David Stuart Moncreiff of Moredun FRSE (1710-1790) was an 18th-century Scottish advocate, landowner and agricultural improver. In 1783 he was a joint founder of the Royal Society of Edinburgh. His name is occasionally given as David Stewart Moncreiff. David Hume appears to occasionally have written under his name. As they clearly were acquainted this appears mischievous rather than a nom de plume.

==Life==
He was born in Perthshire on 8 September 1710 the second son of Sir Thomas Moncreiffe, 2nd Baronet (d.1738) and his wife, Margaret Smythe.

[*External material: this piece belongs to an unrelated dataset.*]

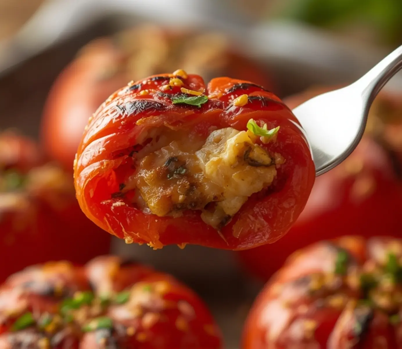 For the filling, I use a mix of herbed breadcrumbs, grated Parmesan, and fresh garlic. This combination creates a crunchy texture that contrasts beautifully with the soft tomato flesh.

Trained as a lawyer he qualified as an advocate in 1736. In 1743 he became a Deputy King's Remembrancer to the Exchequer and Secretary of Scottish Affairs to the Prince of Wales. In 1766 he became Solicitor of Taxes for Scotland.

In 1769 he demolished the former mansion of Goodtrees (originally given a more Germanic spelling of Gut-Tres) and built a new mansion which he called Moredun in memory of a hill on his Perthshire estate. Moredun House was acquired in 1923 to convert into a convalescent home for ex-servicemen but was instead demolished and a new facility created known as the Murray Homes.

In 1781 he succeeded John Maule as a Baron of the Exchequer alongside other notables such as Cosmo Gordon. On his death he was succeeded in this role by Archibald Cockburn.

He died at Moredun on 17 April 1790 and was buried in the Chapel Royal at Holyrood Abbey. He did not marry and had no children.